К ноябрю, когда Ретик должен был отправиться в Лейпциг, трактат не был еще закончен набором. Поневоле приходилось препоручить опеку над рукописью кому-либо из местных астрономов. И Ретик выбрал Андрея Оссиандера.

Сам того не ведая, Ретик сотворил этим ужасное дело.

Оссиандер был угодлив. Для него интересы науки и научная правда значили бесконечно меньше благоволения Меланхтона.

Он получил от Коперника недвусмысленный ответ на свой совет перередактировать трактат. Но Оссиандер совершенно забыл о семидесятилетнем польском канонике, о его авторской воле, когда увидел представившуюся возможность угодить самому Меланхтону! Оссиандер прекрасно знал, что каждая строка «Обращений» утверждает новый строй вселенной, реальную, физически существующую планетную систему с Солнцем в ее центре. Но он знал также, что Лютер, Меланхтон и все главари новой церкви не примут таких «кощунственных» построений.

И Оссиандер учиняет с творением Коперника величайший литературный подлог, какой только известен в истории.
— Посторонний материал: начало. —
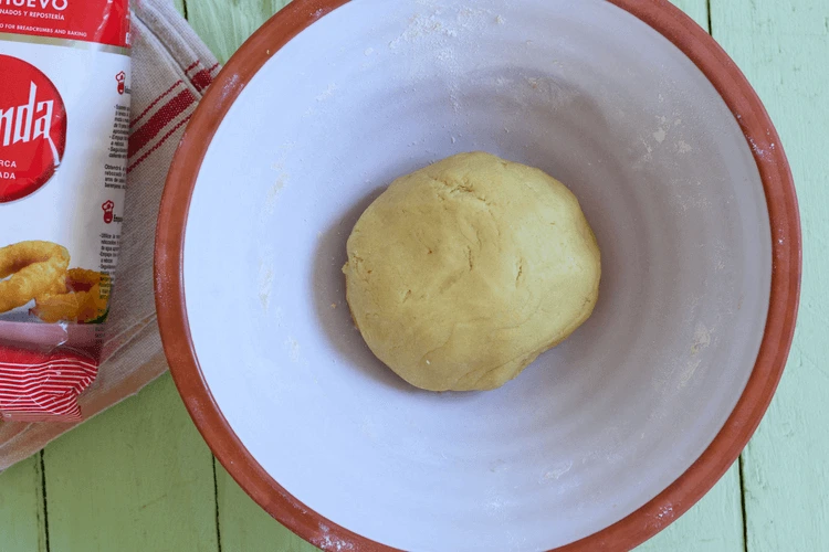 Mezclamos y amasamos hasta obtener una masa elástica y homogénea.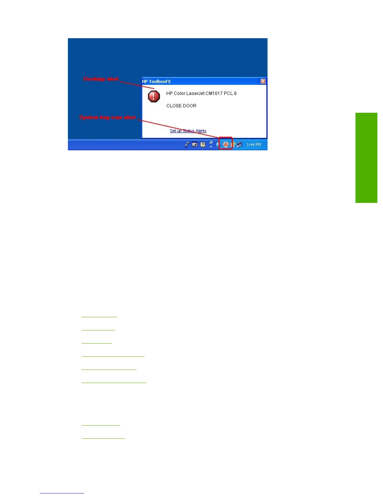 Desktop alert messages appear immediately when an error or print-cartridge warning occurs in the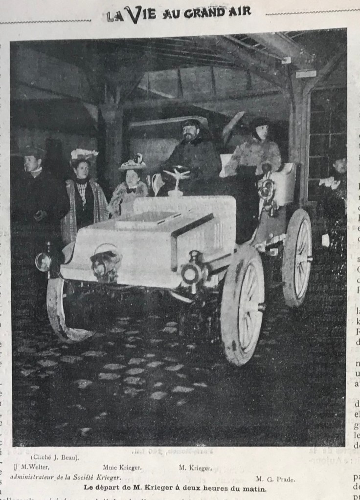 Une électrolette Krieger qu’on qualifierait de tacot à la première vision…et le journal en question n’était pas l’Automobile mais la revue de sports de l’époque…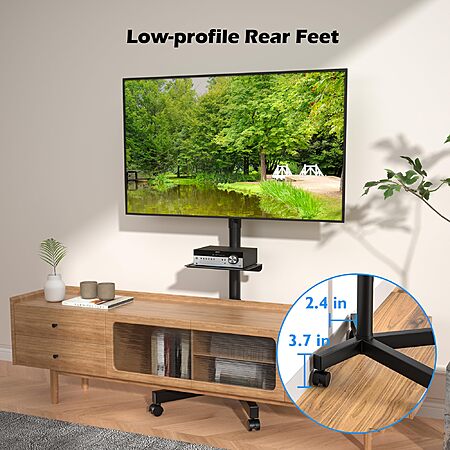 STURDY AND SECURE TV STAND - Equipped with four durable 360° locking wheels, this rolling TV stand provides easy mobility while ensuring your TV stays securely in place, giving you peace of mind whether in a home or office setting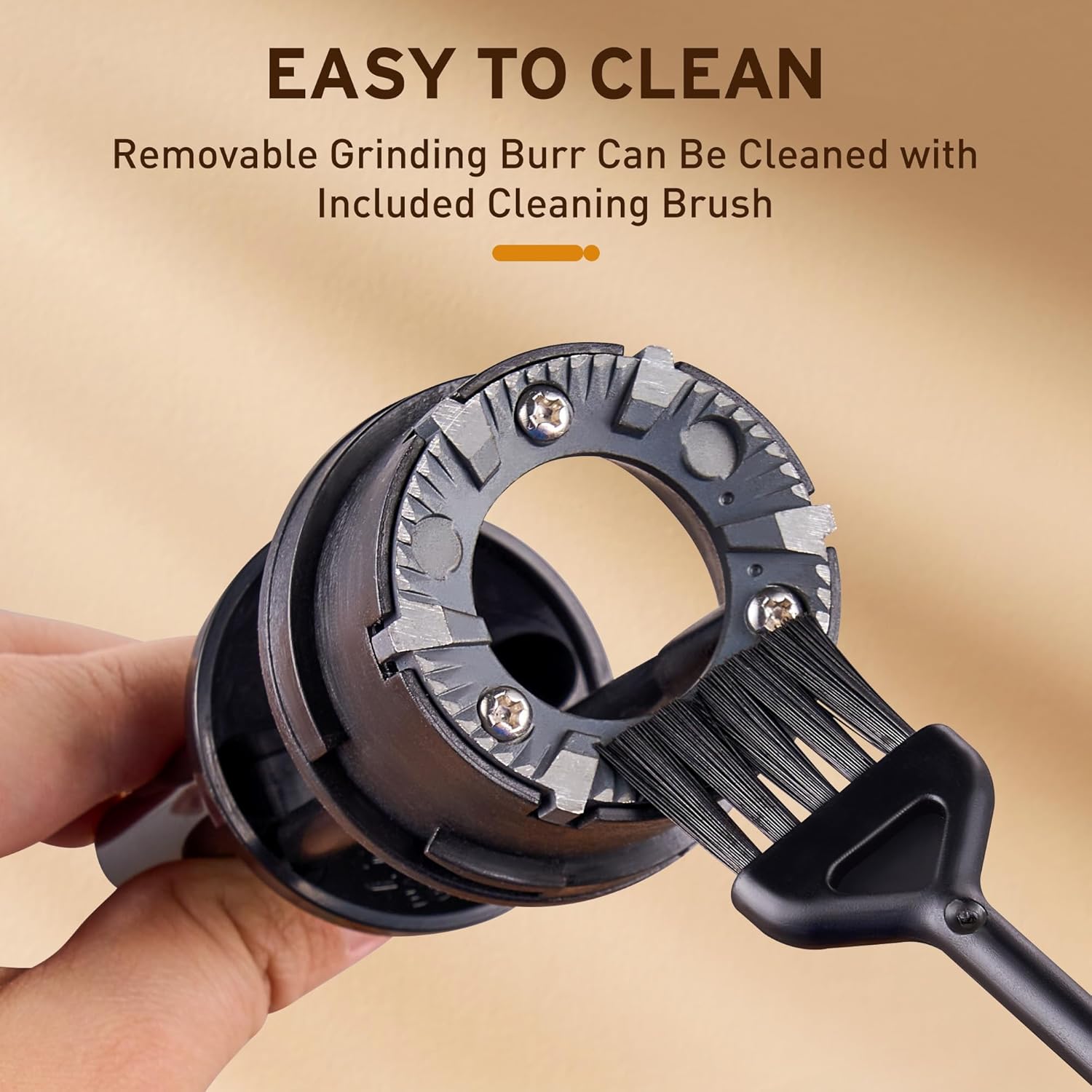 - Easy to clean: Flat burr coffee grinder with cleaning brush ensure you clean your coffee grinder each time. Removable hopper and upper burr are easy to clean

В самом начале книги — перед посвящением Павлу III — он помещает такое предисловие:

«Читателям о гипотезах этого труда.

Весть о гипотезах этого труда успела уже широко распространиться. Многие ученые будут очень возмущены тем, что в нем дается движение Земле, а Солнце оставлено неподвижным в центре вселенной. Ведь столь широко распространено мнение, что не следует вносить новшеств в науку, основы которой правильно установлены еще в древности.